General Motors ended its search for a new chief financial officer landing on Paul Jacobson, who held the same position at Delta Air Lines. Jacobson fills the void created in early August when Dhivya Suryadevara left after holding the job for two years.
Jacobson starts Dec. 1, taking over for John Stapleton, who was filling in on an interim basis and will remain in his previous role as North America chief financial officer. Suryadevara left GM for the same role at Stripe, an online payment startup.
“Paul is a great addition to the GM senior leadership team and is dedicated to leading the company for the benefit of all stakeholders – customers, employees, suppliers, communities and shareholders,” said Barra.
“We share a commitment to teamwork and inclusion as we work toward our vision of a future with zero crashes, zero emissions and zero congestion while delivering a best-in-class customer experience, operational and financial excellence, and disciplined capital allocation.”
Jacobson, 48, had CFO of Delta since 2012. During his tenure, the company was ranked as one of Fortune magazine’s Top 50 Most Admired Companies for six consecutive years and the top-ranked airline for eight out of nine years.
“GM’s vision is compelling because it embraces the needs of society, customers and investors, and they are executing an historic technology shift to electrification from a position of strength,” Jacobson said. “I look forward to joining the team and helping them accelerate their plan.”
Jacobson, who at one time in his youth wanted to be a pilot, joined Delta as a financial analyst in 1997, taking several positions of increasing responsibility until becoming senior vice president and treasurer.

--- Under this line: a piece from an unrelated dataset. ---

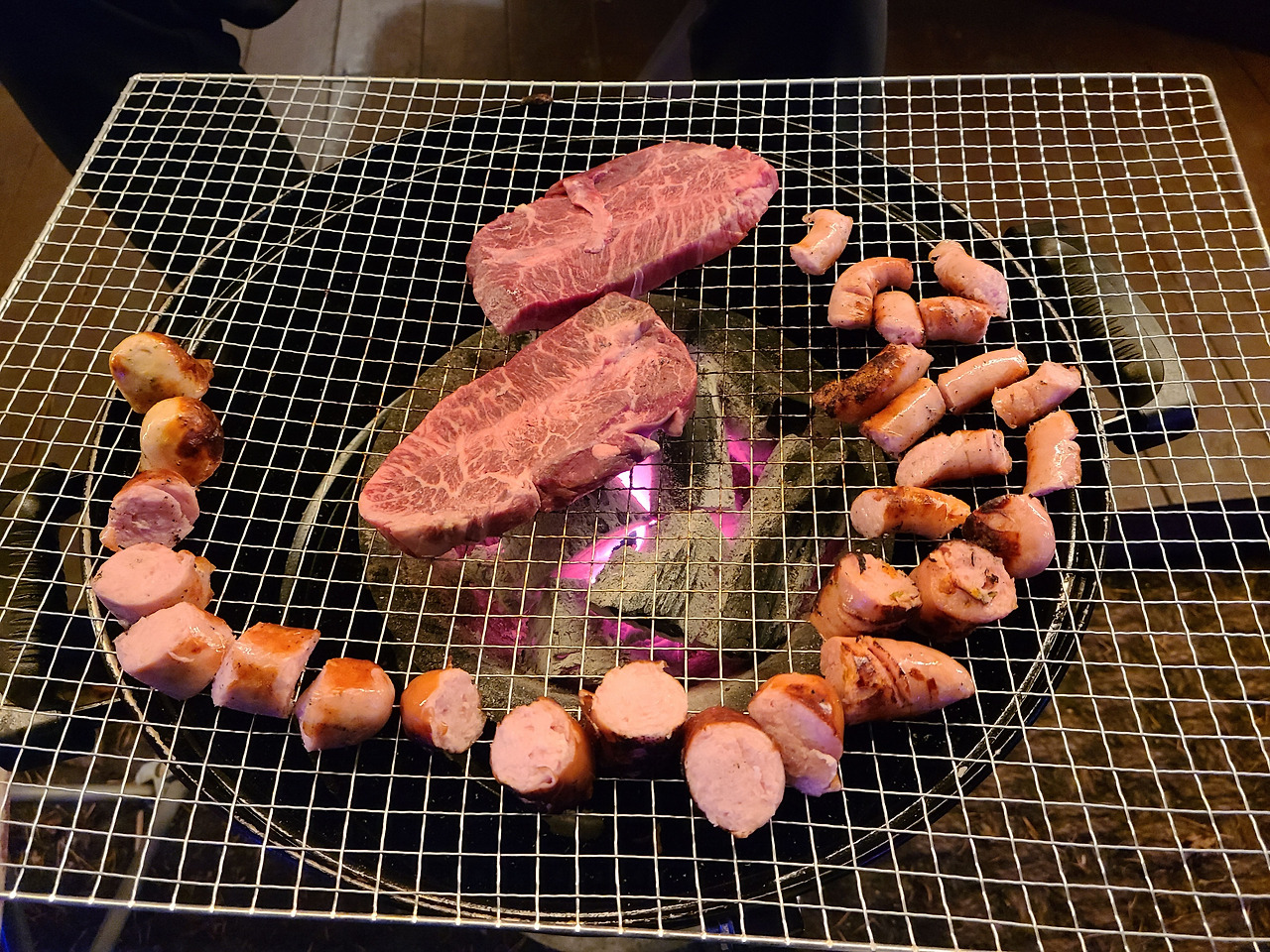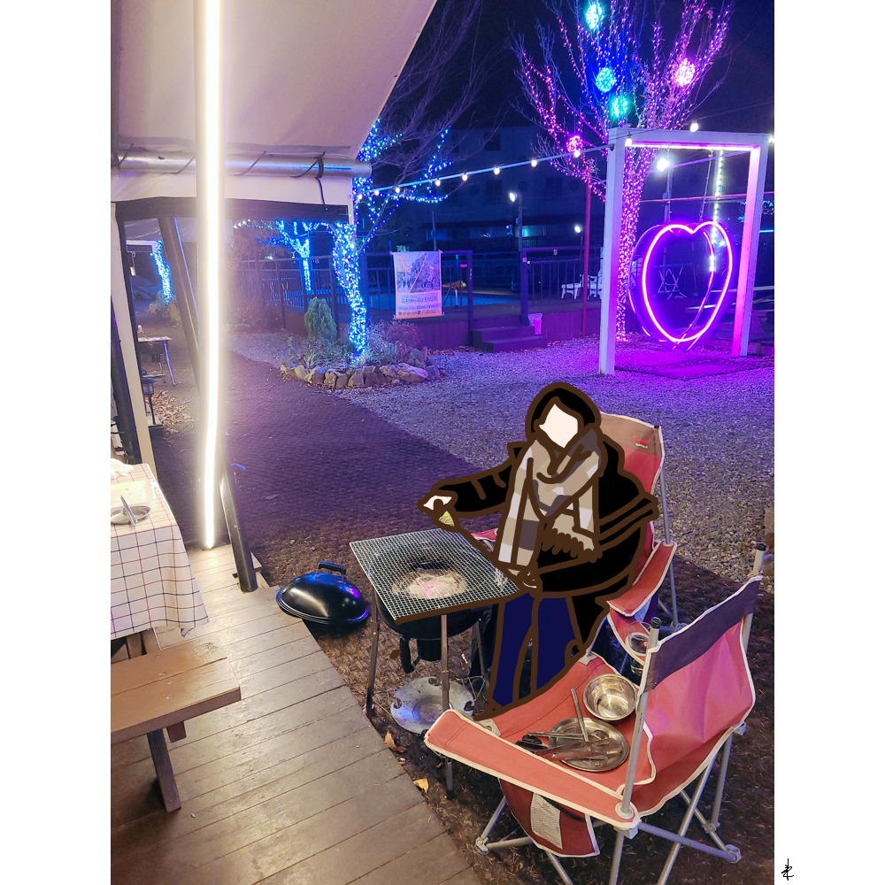 이번 힐링은 글램핑으로 결정했다. 사회적 거리두기가 더욱 강화되고 있는 추세였기에 인구 밀집 지역으로 떠나는 건 모두에게 위험할 것으로 판단했다. 그래서 어느 정도 거리 확보가 되는 야외 놀거리를 찾다보니 캠핑이 대두됐고, 가평에 괜찮은 글램핑장을 찾아냈다. 가만히 있으면 몸이 덜덜 떨리는 차가운 겨울 공기도 바비큐 불 앞에선 속수무책이었다. 루돌프처럼 빨갛게 익은 코끝이 숯불에 사르르 녹을 때쯤 고기도 서서히 익어갔다. 네온사인이 화려한 글램핑장에서 먹는 바비큐는 과연 일품이었다. 식탐 없는 내가 고기, 소시지, 라면을 그대로 흡입해버렸다. 분위기에 취한 건지, 와인에 취한 건지 잔뜩 상기되어 자정 너머까지 도란도란 이야기 꽃을 피웠다. 술만 마셨다 하면 잠드는 우리였기에 아무래도 장소 영향이 컸던 듯하다.
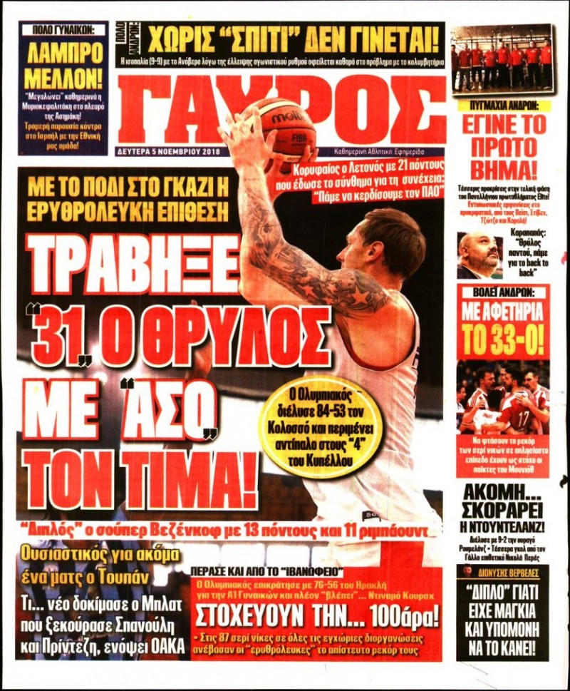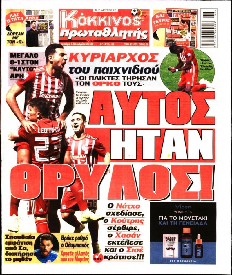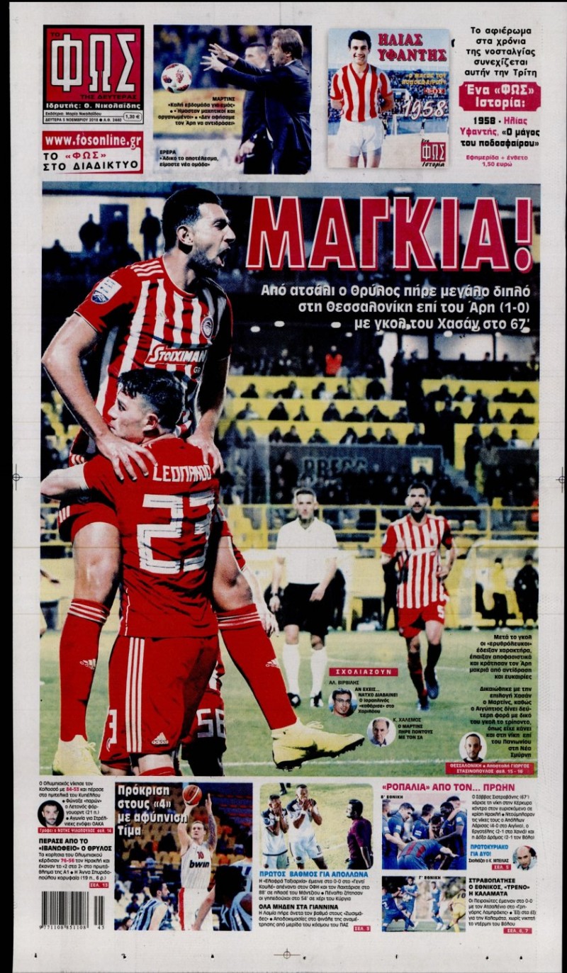 Δείτε πώς αποτυπώνεται η επικαιρότητα σήμερα, Δευτέρα 5 Νοεμβρίου 2018, στις εφημερίδες «ΦΩΣ» και «Κόκκινος Πρωταθλητής»...

In March 2012, he became chief financial officer.
He actually had planned to retire earlier this year, but was convinced to stay with the company a bit longer to help them through the early stages of the COVID-19 crisis, before he elected to come to the automaker.
Delta CEO Ed Bastian noted Jacobson was “critical to Delta’s initial response to the COVID-19 crisis.” He added Jacobson led the company’s efforts to boost its liquidity and growing the company’s cash reserves to help the airline through the tough times this year.
“Those who know Paul aren’t surprised at his skill in navigating a crisis,” Bastian said in a statement. “More than a decade ago, he played a crucial role in developing and leading the strategy that regained our investment-grade balance sheet as we rose from the difficult years after Sept. 11, 2001. He has been recognized numerous times as the industry’s top CFO.”
Jacobson is a graduate of Auburn University with a bachelor’s degree in aviation management and later received a Master of Business Administration degree from the Owen Graduate School of Management at Vanderbilt University.